Dataset entries

——————————

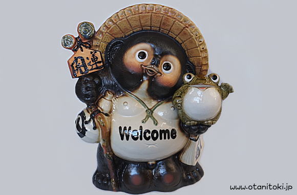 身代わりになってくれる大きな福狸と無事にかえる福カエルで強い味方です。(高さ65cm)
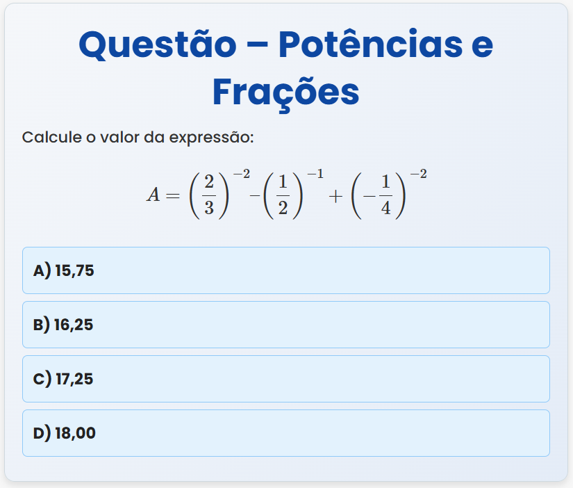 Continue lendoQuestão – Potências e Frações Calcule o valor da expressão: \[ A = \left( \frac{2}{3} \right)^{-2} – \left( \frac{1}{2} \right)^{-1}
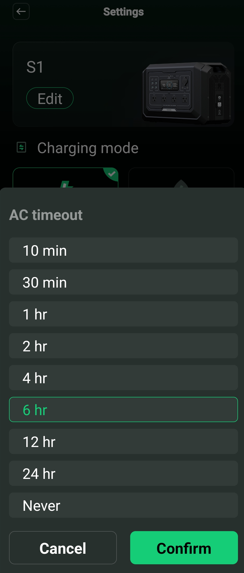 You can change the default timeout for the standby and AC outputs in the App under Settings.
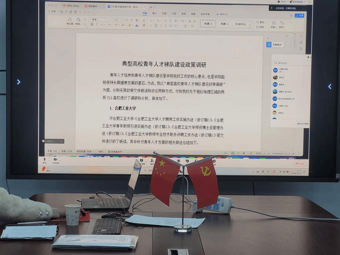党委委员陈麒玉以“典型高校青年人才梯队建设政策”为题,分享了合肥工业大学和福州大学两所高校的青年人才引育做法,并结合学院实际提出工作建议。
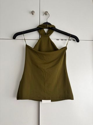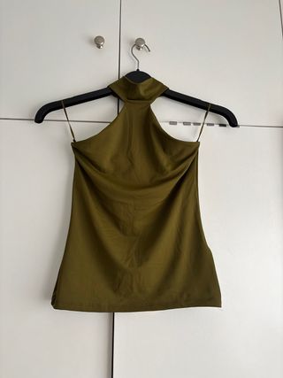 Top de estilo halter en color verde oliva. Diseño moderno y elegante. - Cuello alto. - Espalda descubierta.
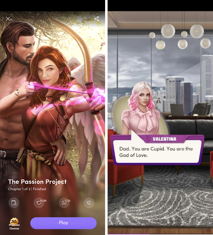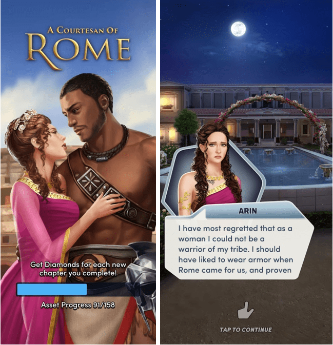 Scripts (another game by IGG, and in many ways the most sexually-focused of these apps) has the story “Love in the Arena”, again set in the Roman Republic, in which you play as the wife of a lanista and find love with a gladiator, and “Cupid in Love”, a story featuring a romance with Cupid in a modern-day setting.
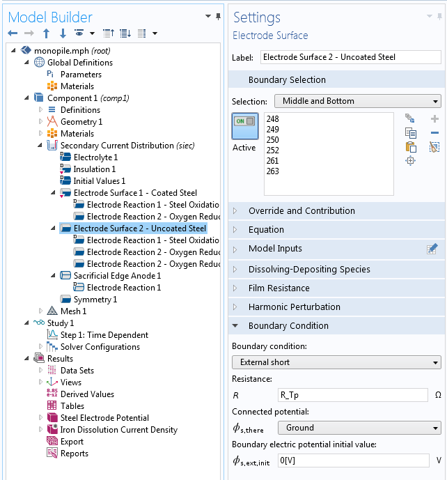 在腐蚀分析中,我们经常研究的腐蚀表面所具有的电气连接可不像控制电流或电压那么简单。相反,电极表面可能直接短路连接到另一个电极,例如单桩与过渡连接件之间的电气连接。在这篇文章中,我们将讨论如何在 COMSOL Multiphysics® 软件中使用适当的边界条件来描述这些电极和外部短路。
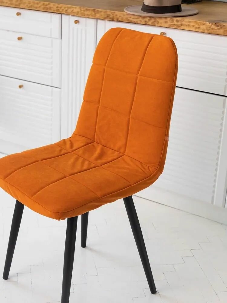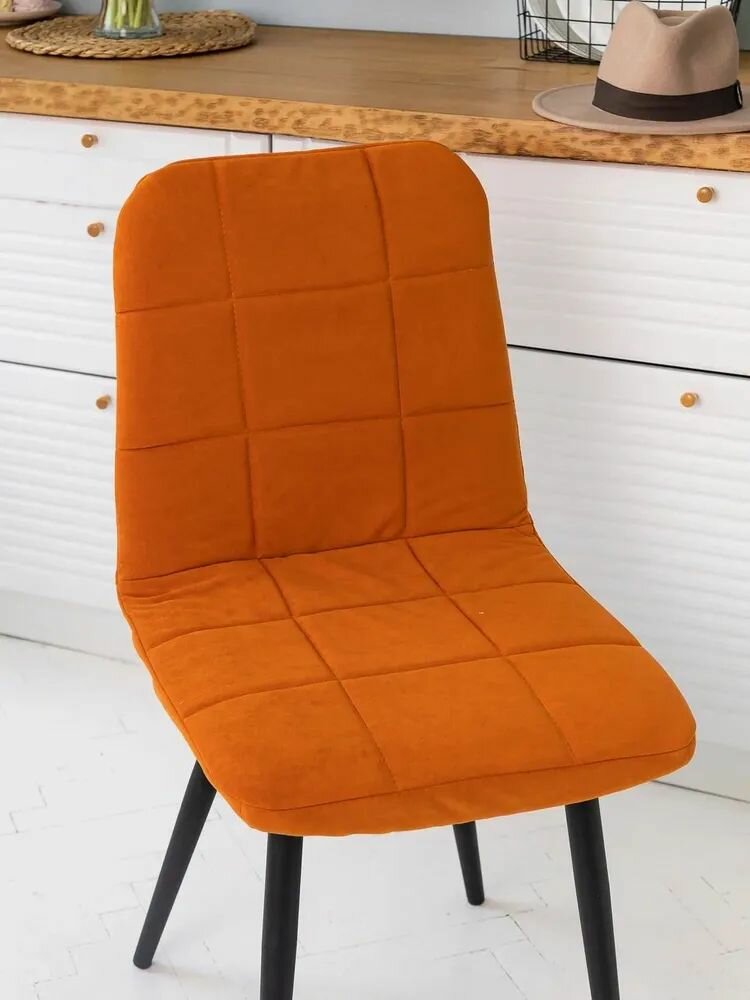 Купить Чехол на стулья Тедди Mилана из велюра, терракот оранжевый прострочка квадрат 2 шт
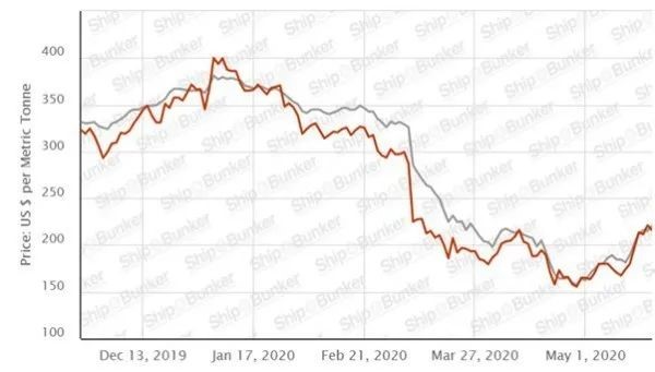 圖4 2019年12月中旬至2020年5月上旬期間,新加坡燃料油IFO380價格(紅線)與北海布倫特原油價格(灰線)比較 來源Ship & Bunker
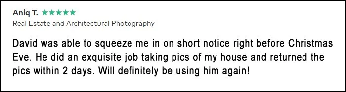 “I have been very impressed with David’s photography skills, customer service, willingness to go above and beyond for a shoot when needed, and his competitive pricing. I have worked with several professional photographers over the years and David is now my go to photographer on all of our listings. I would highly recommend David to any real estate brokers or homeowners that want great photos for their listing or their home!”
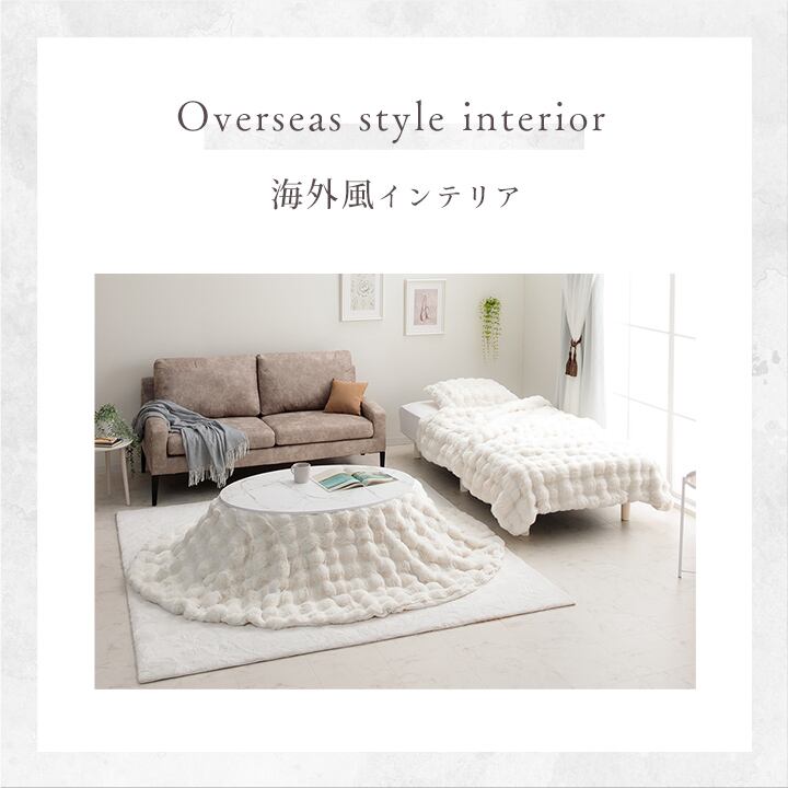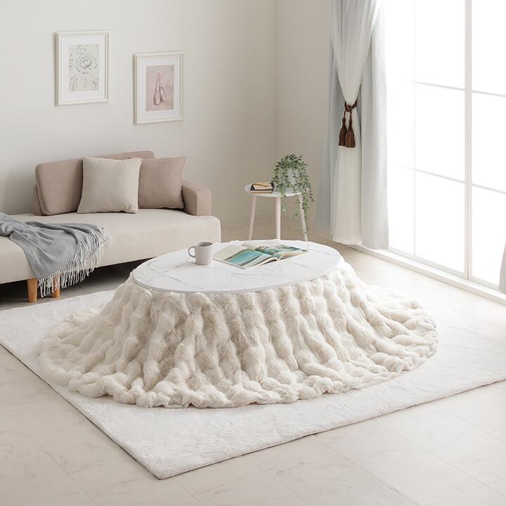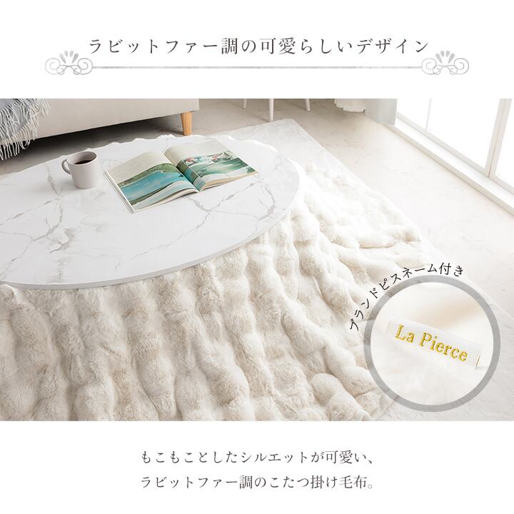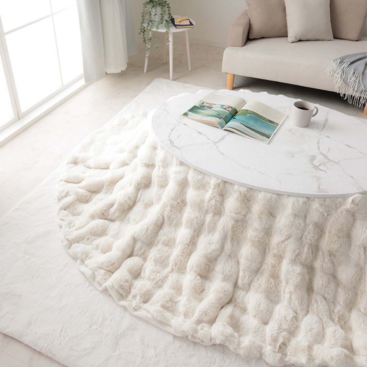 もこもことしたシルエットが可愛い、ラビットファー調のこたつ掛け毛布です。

——————————

Word for word, retype the lines in the entries above that run from the one with "COMSOL Multiphysics® 软件中使用适当的边界条件来描述这些电极和外部短路。" through the one with "來源Ship & Bunker". Both ends count; pictures do not.

* [Your solution]:
 在腐蚀分析中,我们经常研究的腐蚀表面所具有的电气连接可不像控制电流或电压那么简单。相反,电极表面可能直接短路连接到另一个电极,例如单桩与过渡连接件之间的电气连接。在这篇文章中,我们将讨论如何在 COMSOL Multiphysics® 软件中使用适当的边界条件来描述这些电极和外部短路。
 Купить Чехол на стулья Тедди Mилана из велюра, терракот оранжевый прострочка квадрат 2 шт
 圖4 2019年12月中旬至2020年5月上旬期間,新加坡燃料油IFO380價格(紅線)與北海布倫特原油價格(灰線)比較 來源Ship & Bunker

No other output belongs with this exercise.